I can sell a 2x slowdown to my boss if I can show that that's the only cost of a significantly more elegant and productive language, but at 100x that's a much harder sell.
1. Cache performance and locality may differ considerably for large applications. For example, a microbenchmark may perform well because it can monopolize the L1 cache in a way that is not possible for larger applications.
2. Aggressive inlining, a common factor in microbenchmark performance, may not scale well for large code bases. The tradeoffs here can be rather complex: https://webkit.org/blog/2826/unusual-speed-boost-size-matter...
3. Microbenchmarks often avoid abstraction in order to achieve high performance.

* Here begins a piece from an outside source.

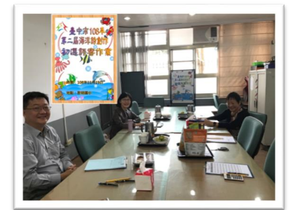
海洋教育之「河口生態趣味小學堂」撲克卡

This can create unacceptable software engineering costs.
But come on, now Rust can legitimately be called "faster than C" ;)
At least until the Clang C version is added... or maybe it will still be faster.
Actually it's pretty easy: if you can write a faster version in any language, given whatever is there in the language, even if it's c implemented standard library stuff, do it.
The implementations are not meant to be final -- people can contribute faster ones.
FFI is a fact of life. I can imagine it would be perverting the intent of the game if you explicitly used FFI to delegate the actual core of the benchmark program to C as opposed to using "standard" building blocks, but the distinciton is necessarily vague.
So, the usual. :)
I stopped taking into account the benchmarks game completely after I saw apples-to-potatoes comparisons a few years back.
Long ago the Ada program contributors told me -- It's only the same program if the same assembler is generated ;-)
Perhaps sort by cpu (seconds) rather than (elapsed) secs.
http://benchmarksgame.alioth.debian.org/u64q/performance.php...
e.g. felix or pony would dominate it then, over C++ with OpenMP.
Here only a missing fast C/C++ hash table is scewing the picture.
EDIT, Nevermind Felix compiles to C++ and Pony looks like an academic project. If you want to provide benchmarks or try to change my mind, I am open to it, but it would require significant evidence.
> Please don't implement your own custom "hash table" - it will not be accepted.
> The work is to use the built-in or library hash table implementation to accumulate count values - lookup the count for a key and update the count in the hash table.
The C++ implementation is thereby testing an old version of a non-standard extension of libstdc++ that I had never heard of and which was likely contributed once by IBM and never really looked at again (by either maintainers or users ;P), while the C implementation is testing the specified khash library, which is apparently something a number of people actively contribute to and attempt to optimize, giving it some notoriety.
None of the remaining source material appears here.